- _Data shown_
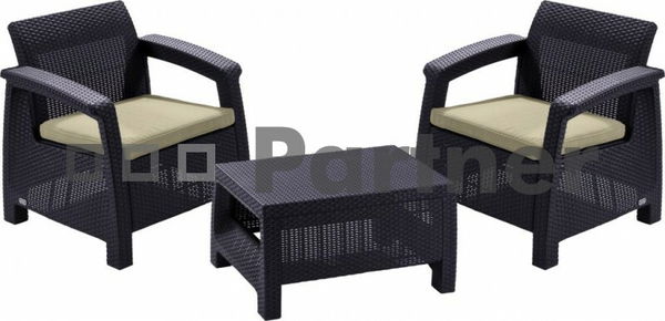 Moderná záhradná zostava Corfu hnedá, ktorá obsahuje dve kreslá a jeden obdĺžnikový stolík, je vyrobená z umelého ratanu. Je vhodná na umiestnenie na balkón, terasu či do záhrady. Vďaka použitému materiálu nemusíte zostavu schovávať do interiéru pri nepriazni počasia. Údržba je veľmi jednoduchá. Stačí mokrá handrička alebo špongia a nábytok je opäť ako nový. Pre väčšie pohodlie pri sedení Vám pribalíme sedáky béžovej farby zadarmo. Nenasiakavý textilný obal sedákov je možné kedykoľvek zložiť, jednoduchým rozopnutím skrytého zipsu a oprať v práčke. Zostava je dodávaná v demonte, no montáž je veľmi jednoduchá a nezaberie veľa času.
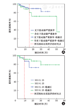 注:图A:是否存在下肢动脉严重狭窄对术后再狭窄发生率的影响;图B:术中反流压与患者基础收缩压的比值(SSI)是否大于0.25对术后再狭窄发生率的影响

==

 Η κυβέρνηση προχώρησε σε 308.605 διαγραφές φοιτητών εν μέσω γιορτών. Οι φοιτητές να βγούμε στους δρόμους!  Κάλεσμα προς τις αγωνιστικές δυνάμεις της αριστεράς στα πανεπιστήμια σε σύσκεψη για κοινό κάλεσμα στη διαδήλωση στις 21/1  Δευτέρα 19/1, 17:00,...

- _Work order_
Looking at the listing above, which lines run from the one containing "Moderná záhradná zostava" through the one containing "注:图A:是否存在下肢动脉严"? Print exactly those, ends included, pictures excluded.

- _Solution to this task_
 Moderná záhradná zostava Corfu hnedá, ktorá obsahuje dve kreslá a jeden obdĺžnikový stolík, je vyrobená z umelého ratanu. Je vhodná na umiestnenie na balkón, terasu či do záhrady. Vďaka použitému materiálu nemusíte zostavu schovávať do interiéru pri nepriazni počasia. Údržba je veľmi jednoduchá. Stačí mokrá handrička alebo špongia a nábytok je opäť ako nový. Pre väčšie pohodlie pri sedení Vám pribalíme sedáky béžovej farby zadarmo. Nenasiakavý textilný obal sedákov je možné kedykoľvek zložiť, jednoduchým rozopnutím skrytého zipsu a oprať v práčke. Zostava je dodávaná v demonte, no montáž je veľmi jednoduchá a nezaberie veľa času.
 注:图A:是否存在下肢动脉严重狭窄对术后再狭窄发生率的影响;图B:术中反流压与患者基础收缩压的比值(SSI)是否大于0.25对术后再狭窄发生率的影响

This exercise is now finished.